I gave both of them the usual wash with 1tsp Oxiclean Free dissolved in 4 litres of water. Dropped a rag in there with a bit of the soapy solution and sloshed it around until my arms hurt, then used my carboy bristle brush as best I could. The ring around the neck of the larger one was gone, but the hard water stains remained in the bottom and the smaller one looked like I hadn't even touched it. I decided to fill the small one with the same Oxiclean mixture mentioned above and leave it overnight. The next day, I wasn't any further ahead.

I started thinking about what I could put in there to scrub them clean - even went to my LHBS to see if they had one of those drill mounted carboy cleaners, but no luck. I had read about the rice trick, didn't have any on hand and decided to try lentils (they're like split peas), which I had. No luck either. Did you know that lentils will stick to the bottom of a wet carboy? Well, they do, and very well I might add - trust me... 

Then I started looking around the basement. My wife makes jewelery and has a small tumbler which uses Stainless Steel mixed shot to polish the stuff she makes. She has a pound of mixed shot to go with it, which comes in four different shapes, ranging from fine pins that are maybe 1/32" thick to round balls that are no larger than maybe 5/32" across, as well as diagonal shapes. I figured, what the heck, same idea, but might work even better than rice!

So I dumped the whole pound in (about a cup's worth) & put about a cup of water in with it. Not bad, a bit hard to swish around though - not enough liquid and a bit sticky. So I put in about a litre total of the Oxiclean soapy water and it was perfect!!

It swished around nicely and once I was into a bit of a rhythm, I was able to clean up every square inch of the carboy in no time, with just a few passes! Worked like a charm with very little effort. 

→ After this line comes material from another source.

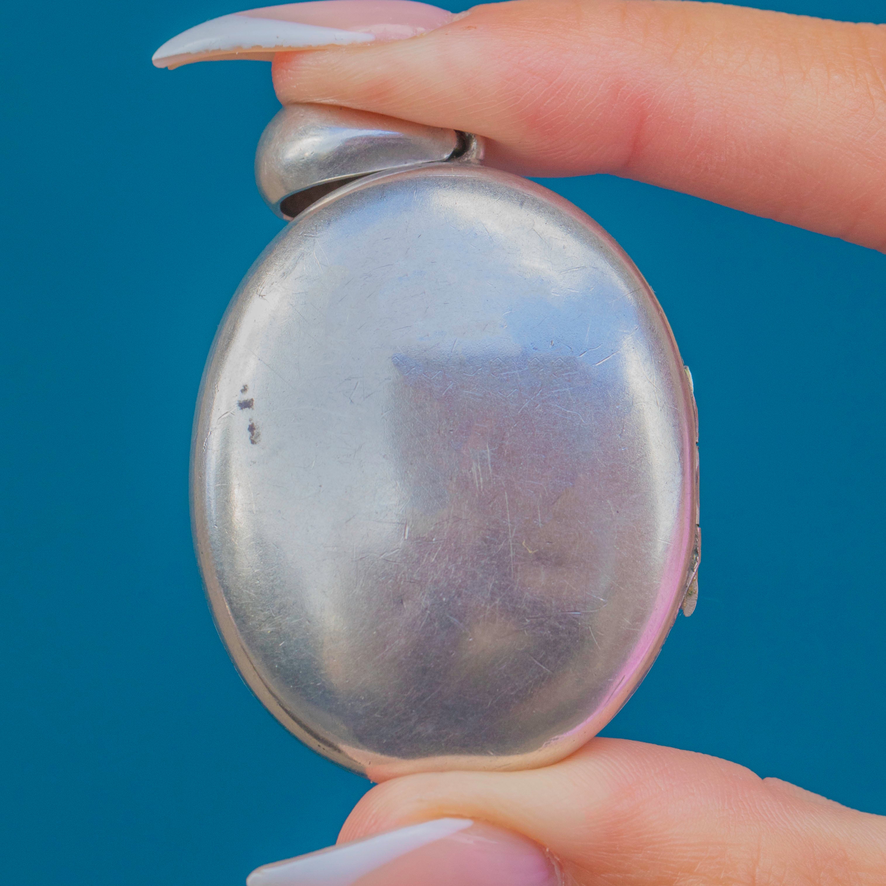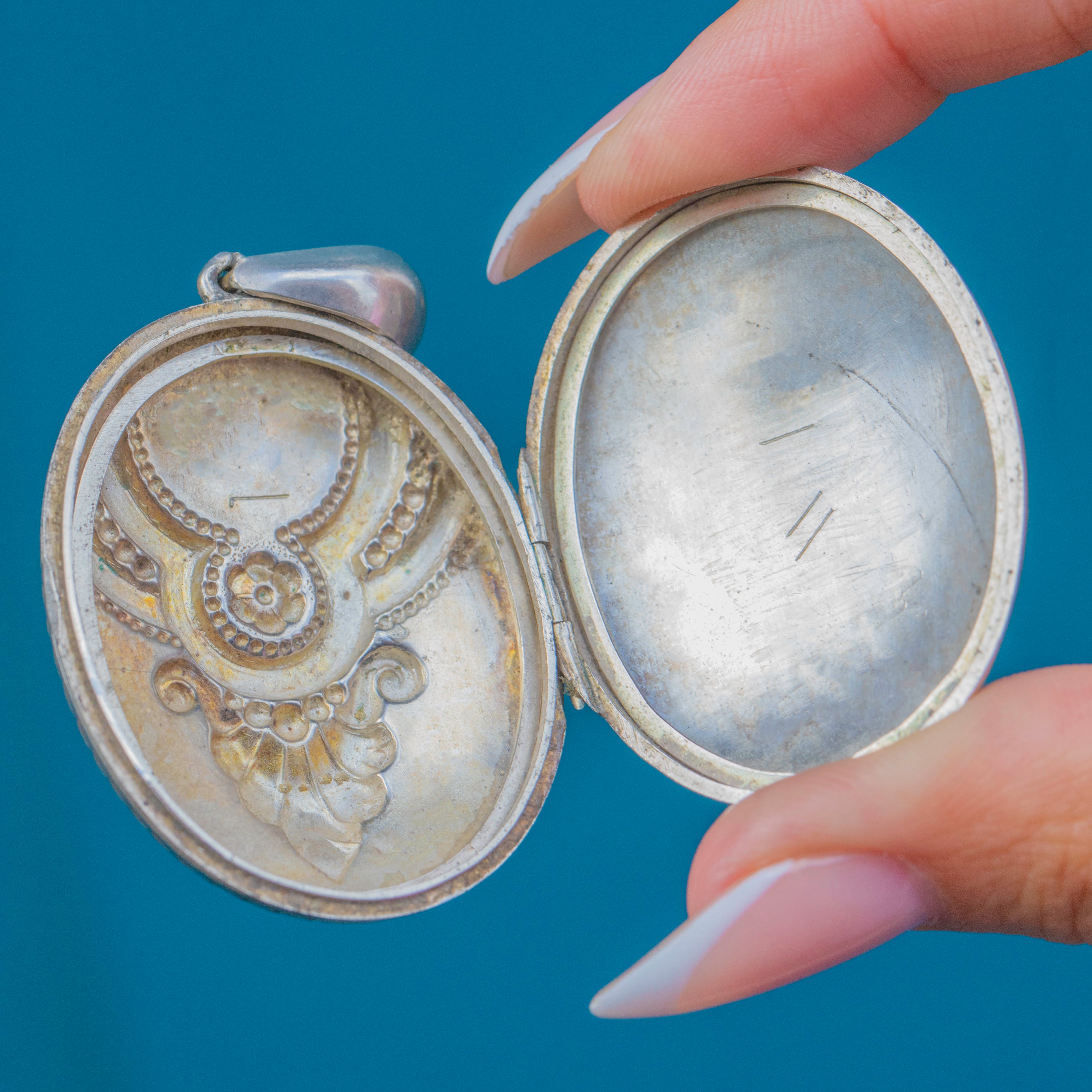 EXCELLENT: The locket is in excellent condition with no dings or damage. The embossed and engraved design remains crisp and well-defined. The Silver surface shows only the lightest signs of wear consistent with age, and both internal frames are present.

I simply dumped out the shot into a fine colander when I was done and then gave the carboy another wash with only clean water and Oxiclean & then a good rinse and it was positively sparkling.

So there you go - spend more time making wine and less time cleaning! Find yourself a pound of fine jewelers stainless steel shot in various shapes, pour it into your carboy with a litre of the cleaner of your choice and you'll be in business!

TFC

*PLEASE NOTE:* _I was VERY careful not to pitch or hammer the shot around inside the carboys, I swished it gently and made sure it stayed in the water, forming kind of a water/metal/soap slurry if you will. Of course, glass carboys are delicate, use caution any time you're using something metal with it!_


----------



## vacuumpumpman (Mar 20, 2015)

I am glad it worked for you -

Me personally - I would use more oxy clean and use the carboy cleaner - works wonderful every time !!


----------



## Floandgary (Mar 20, 2015)

Sometimes you just need the abrasive!!!! The smaller the material less likely to cause any damage. Coarse sand would work too.


----------



## dustonthebottle (Mar 21, 2015)

I have used fish tank gravel for this same purpose and it works really well too and is pretty cheap.


----------



## Arne (Mar 22, 2015)

Rock salt works well, also. Arne


----------



## Floandgary (Mar 22, 2015)

There ya have it folks!! Several easy/effective/cheap cleaning methods and not one drop of dreaded detergent or soap or bleach needed!


----------



## Jimyson (Mar 22, 2015)

This and a mix of PBW usually do me fine.


----------



## Bergmann (Mar 22, 2015)

what is PBW?


----------



## vacuumpumpman (Mar 22, 2015)

Bergmann said:


> what is PBW?




PBW - POWDERED BREWERY WASH

http://brewandwinesupply.com/index.php?route=product/product&filter_name=pbw&product_id=506


----------



## Jimyson (Mar 22, 2015)

Yep, the best cleaner out there for home use IMO. 

http://www.fivestarchemicals.com/wp-content/uploads/PBWTech.pdf


----------



## dralarms (Mar 22, 2015)

Do you have to rinse pbw?


----------



## Jimyson (Mar 22, 2015)

Yes, you should rinse any time you clean. That's how you get rid of all the yucky stuff. It doesn't just disappear.


----------



## dralarms (Mar 22, 2015)

Well duh, I guess I should have been more specific. If washing bottles that have nothing in them and you use pbw, do they need rinsing?


----------



## Jimyson (Mar 22, 2015)

Yes, PBW has to be rinsed prior to consumable product being added.

"When using P.B.W. in food processing areas the equipment that has been cleaned must be rinsed with potable water."


----------